Curious what people think about the following quote (from World of Warcraft):
We want to focus the talent trees towards your chosen style of gameplay right away. That first point you spend in a tree should be very meaningful. If you choose Enhancement, we want you to feel like an Enhancement shaman right away, not thirty talent points later. When talent trees are unlocked at level 10, you will be asked to choose your specialization (e.g. whether you want to be an Arms, Fury or Protection warrior) before spending that first point. Making this choice comes with certain benefits, including whatever passive bonuses you need to be
effective in that role, and a signature ability that used to be buried deeper in the talent trees. These abilities and bonuses are only available by specializing in a specific tree. Each tree awards its own unique active ability and passives when chosen. The passive bonuses range from flat percentage increases, like a 20% increase to Fire damage for Fire mages or spell range increases for casters, to more interesting passives such as the passive rage regeneration of the former Anger Management talent for Arms warriors, Dual-Wield Specialization for Fury warriors and Combat rogues, or the ability to dual-wield itself for Enhancement shaman.

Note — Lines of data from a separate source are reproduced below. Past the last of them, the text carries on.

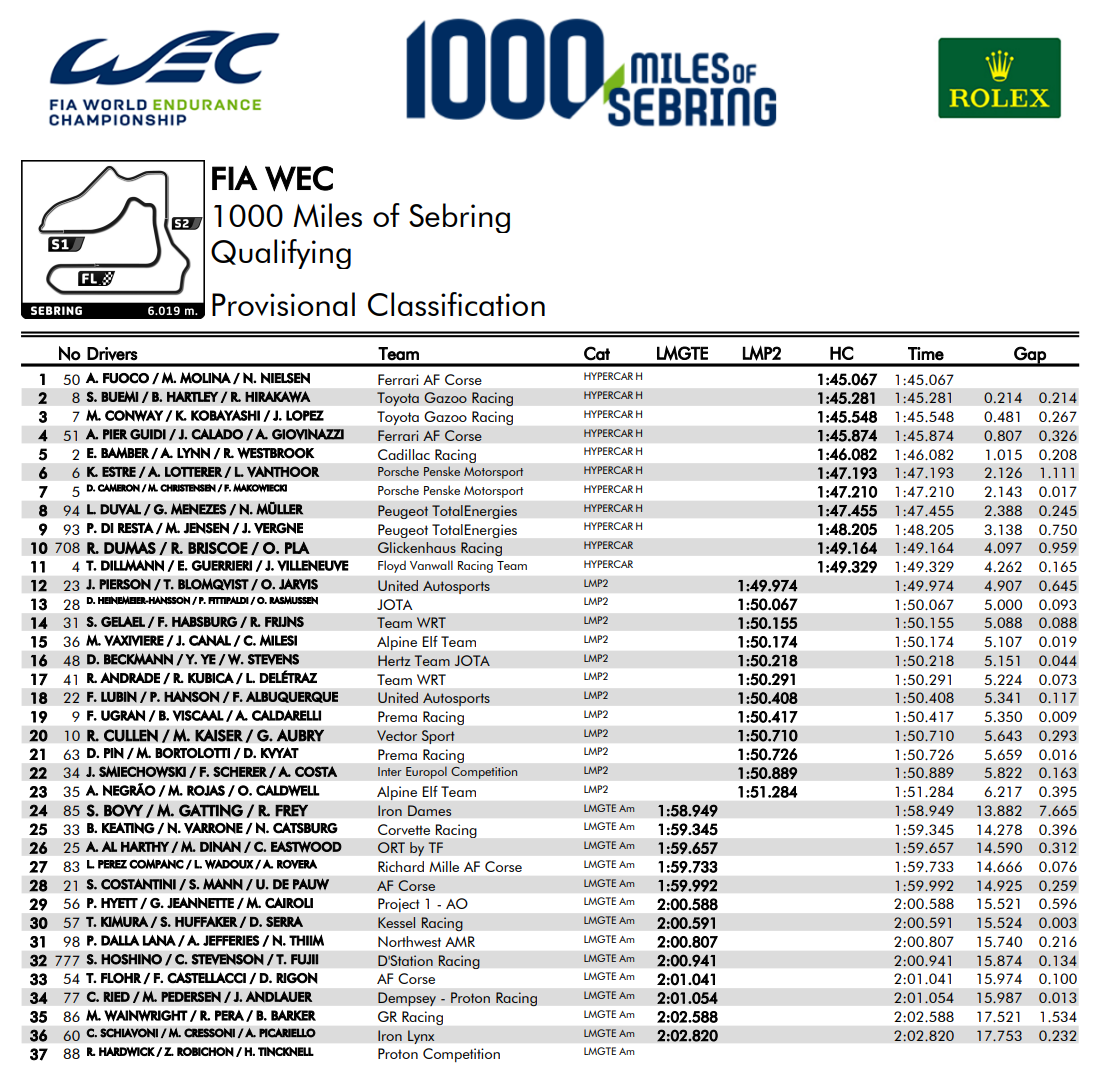 Dopo 50 anni grandioso ritorno in classe regina nelle corse endurance per Ferrari, che a sorpresa conquista la pole position in terra americana con Antonio Fuoco alla guida della 499P #50. Seguono da vicino le Toyota, seconda e terza. In LMP2 e GTE Am primo posto di United #23 e Iron Dames.
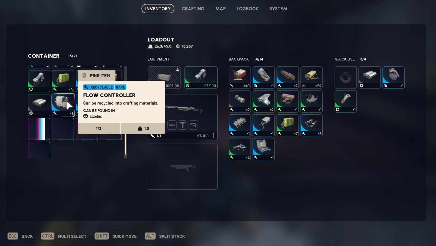 The Flow Controller is an industrial device that appears as a scavengable object across Exodus. While it has no direct gameplay function, it is one of the more efficient items for recycling into mechanical components, making it useful for crafting upgrades, gear parts, and advanced materials.
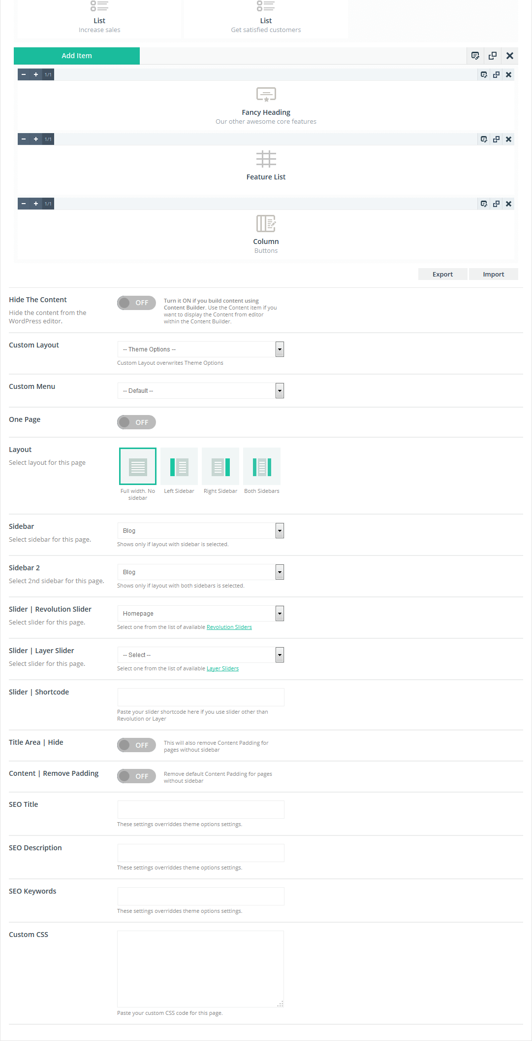 This is totally new item which gives you lot`s of possibilities with creating pages. Now you can split each page, post or portfolio item for sections. Section is a part of page and can have own settings. Please take a look on image next to.
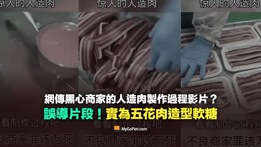 【錯誤】網傳黑心商家的人造肉製作過程影片?實為五花肉造型軟糖
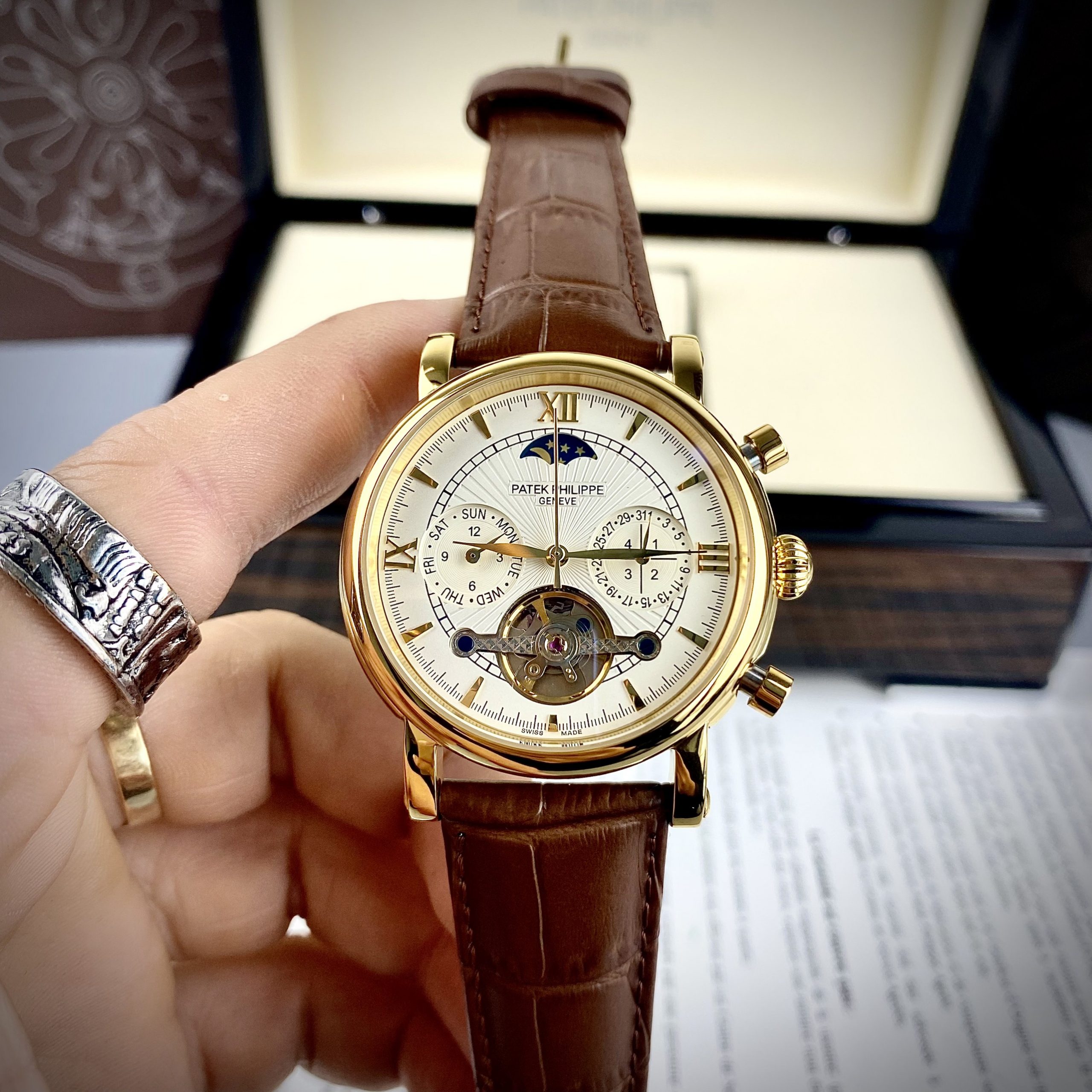 Đồng hồ Patek Philippe cơ lộ máy Nhật Automatic màu nâu 42mm
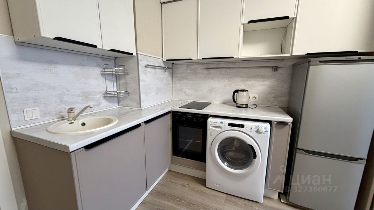 Студия полностью меблирована: диван двуспальный, кухня полностью укомплектована мебелью и техникой. Полноценное рабочие место для работы и жизни.

The initial talent tree selection unlocks active abilities that are core to the chosen role. Our goal is to choose abilities that let the specializations come into their own much earlier than was possible when a specialization-defining talent had to be buried deep enough that other talent trees couldn’t access them. For example, having Lava Lash and Dual-Wield right away lets an Enhancement shaman feel like an Enhancement shaman. Other role-defining examples of abilities players can now get for free at level 10 include Mortal Strike, Bloodthirst, Shield Slam, Mutilate, Shadow Step, Thunderstorm, Earth Shield, Water Elemental, and Penance.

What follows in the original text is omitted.